Action item: Write all of the entries out again exactly, but not the images.

The input:
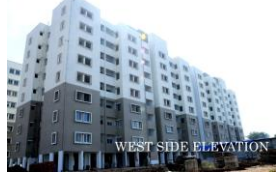
128 PC Qtrs, Nagrabhavi 128 PC ಕಾಪ್, ನಗರಭಾವಿ
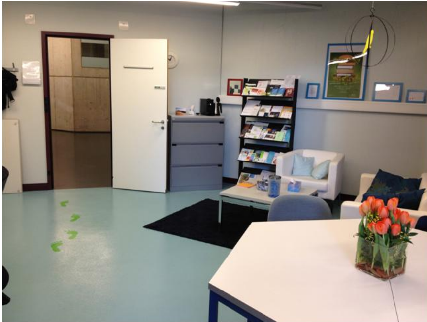
Photo du local Accueil Santé
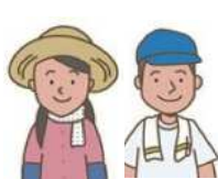
農地利用最適化推進委員
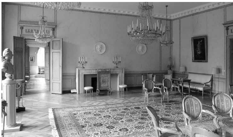
I tre av salongerna i Hage slott finns ståtliga spisar, som skänktes av olika organisationer till prinsparet Gustaf Adolf och Sibylla vid inflyttningen. Spisarna är formgivna i stram funkis av slottsarkitekten Ragnar Hjorth, ansvarig för renoveringen 1932. Foto Statens fastighetsverk 2008.
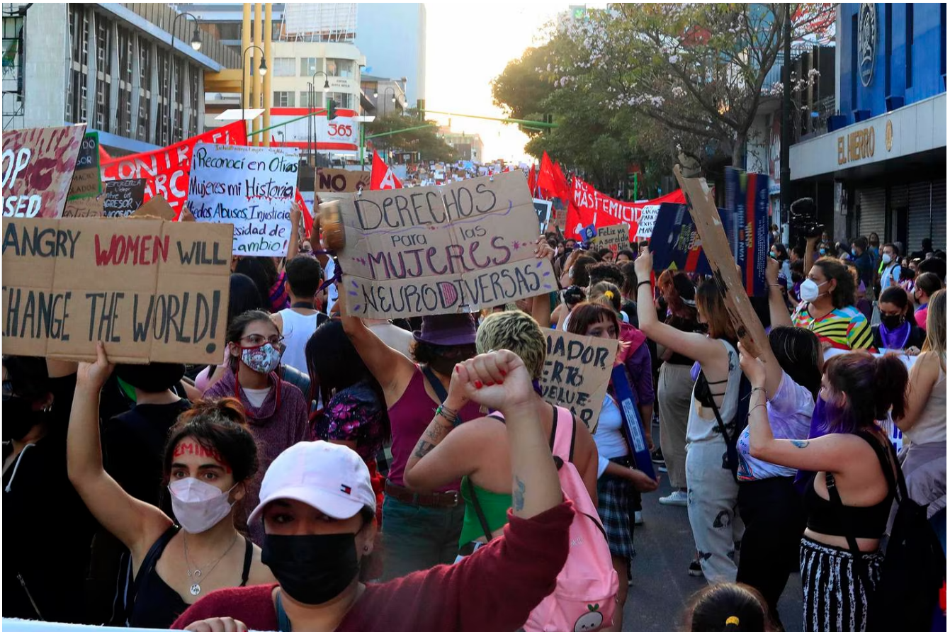
La idea de la marcha era pedir el fin de la violencia contra las mujeres, pero al final la marcha también terminó en violencia.
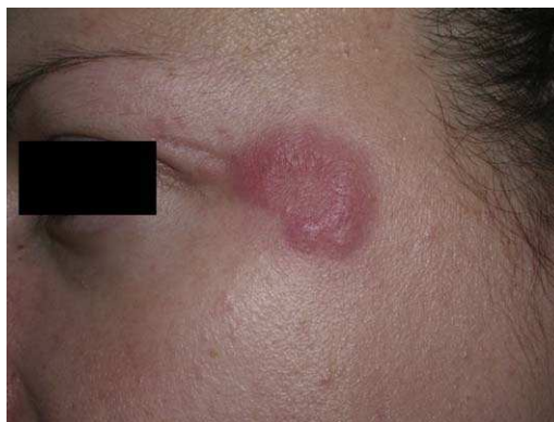
Figura 2 Lesiones características de lupus eritematoso túbido (LET) en la cara.

escote, los hombros, la cara o los brazos. Los rasgos que diferencian las lesiones del LET de las del LED y el LECS son la ausencia de descamación, de tapones foliculares y de atrofia (figs. 1-3); además curan sin dejar cicatriz ni hipopigmentación 9-12,14-16 . Las lesiones tienden a aparecer en forma de brotes, casi siempre en relación con la exposición solar, de forma predominante en la primavera y el verano. Es importante tener en cuenta el curso que siguen las lesiones tras la fotoexposición, pues nos permitirá ayudar a diferenciar al LET de la erupción polimorfa lumínica.
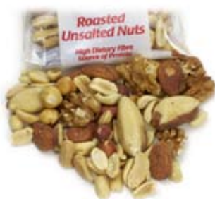
đậu hạt (không muối) nuts (unsalted)
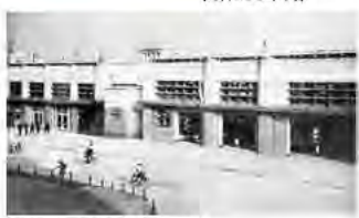
新名古屋駅外観(1941年)
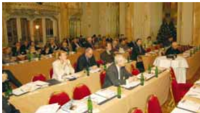
Pohled do publika

To, čím je mýdlo pro tělo, je smích pro duši. Židovské přísloví
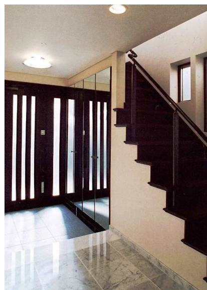
ホールより玄関を見る
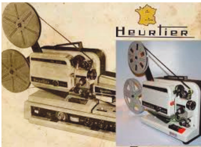
Le projecteur Heurtier 8 mm permet la sonorisation des films.

colle (pas trop non plus), fermer un volet presseur et attendre une à deux minutes que ça sèche. A la projection, il arrive que l'image sautille à certains collages, ou pire il y a rupture. C'est très artisanal !
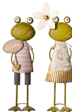
Cod: DM 2021 Des: Coppia rane Note: 20x15x60
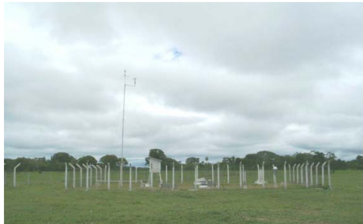
Fig. 2 – Estação climatológica de Nhumirim.

A estação climatológica de Nhumirim (figura 2), talvez a única estação completa dentro da planície pantaneira, faz parte de um convênio da Embrapa com o Instituto Nacional de Meteorologia- INMET. É feito o monitoramento dos elementos climáticos chuva (mm); temperatura do ar (máxima, mínima e média (°C)); umidade relativa do ar (%), evaporação do ar (mm), insolação (horas e décimos) e evaporação do Tanque Classe “A” (mm).
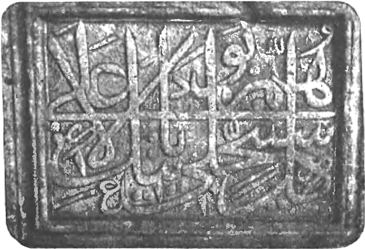
Рис. 2. Охранная надпись с мечети
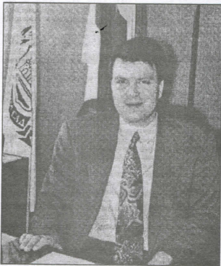
Игор Мировић заменик министра финансија
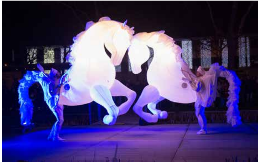
La féerie des Fiers à cheval a émerveillé petits et grands.

Answer box:
128 PC Qtrs, Nagrabhavi 128 PC ಕಾಪ್, ನಗರಭಾವಿ
Photo du local Accueil Santé
農地利用最適化推進委員
I tre av salongerna i Hage slott finns ståtliga spisar, som skänktes av olika organisationer till prinsparet Gustaf Adolf och Sibylla vid inflyttningen. Spisarna är formgivna i stram funkis av slottsarkitekten Ragnar Hjorth, ansvarig för renoveringen 1932. Foto Statens fastighetsverk 2008.
La idea de la marcha era pedir el fin de la violencia contra las mujeres, pero al final la marcha también terminó en violencia.
Figura 2 Lesiones características de lupus eritematoso túbido (LET) en la cara.

escote, los hombros, la cara o los brazos. Los rasgos que diferencian las lesiones del LET de las del LED y el LECS son la ausencia de descamación, de tapones foliculares y de atrofia (figs. 1-3); además curan sin dejar cicatriz ni hipopigmentación 9-12,14-16 . Las lesiones tienden a aparecer en forma de brotes, casi siempre en relación con la exposición solar, de forma predominante en la primavera y el verano. Es importante tener en cuenta el curso que siguen las lesiones tras la fotoexposición, pues nos permitirá ayudar a diferenciar al LET de la erupción polimorfa lumínica.
đậu hạt (không muối) nuts (unsalted)
新名古屋駅外観(1941年)
Pohled do publika

To, čím je mýdlo pro tělo, je smích pro duši. Židovské přísloví
ホールより玄関を見る
Le projecteur Heurtier 8 mm permet la sonorisation des films.

colle (pas trop non plus), fermer un volet presseur et attendre une à deux minutes que ça sèche. A la projection, il arrive que l'image sautille à certains collages, ou pire il y a rupture. C'est très artisanal !
Cod: DM 2021 Des: Coppia rane Note: 20x15x60
Fig. 2 – Estação climatológica de Nhumirim.

A estação climatológica de Nhumirim (figura 2), talvez a única estação completa dentro da planície pantaneira, faz parte de um convênio da Embrapa com o Instituto Nacional de Meteorologia- INMET. É feito o monitoramento dos elementos climáticos chuva (mm); temperatura do ar (máxima, mínima e média (°C)); umidade relativa do ar (%), evaporação do ar (mm), insolação (horas e décimos) e evaporação do Tanque Classe “A” (mm).
Рис. 2. Охранная надпись с мечети
Игор Мировић заменик министра финансија
La féerie des Fiers à cheval a émerveillé petits et grands.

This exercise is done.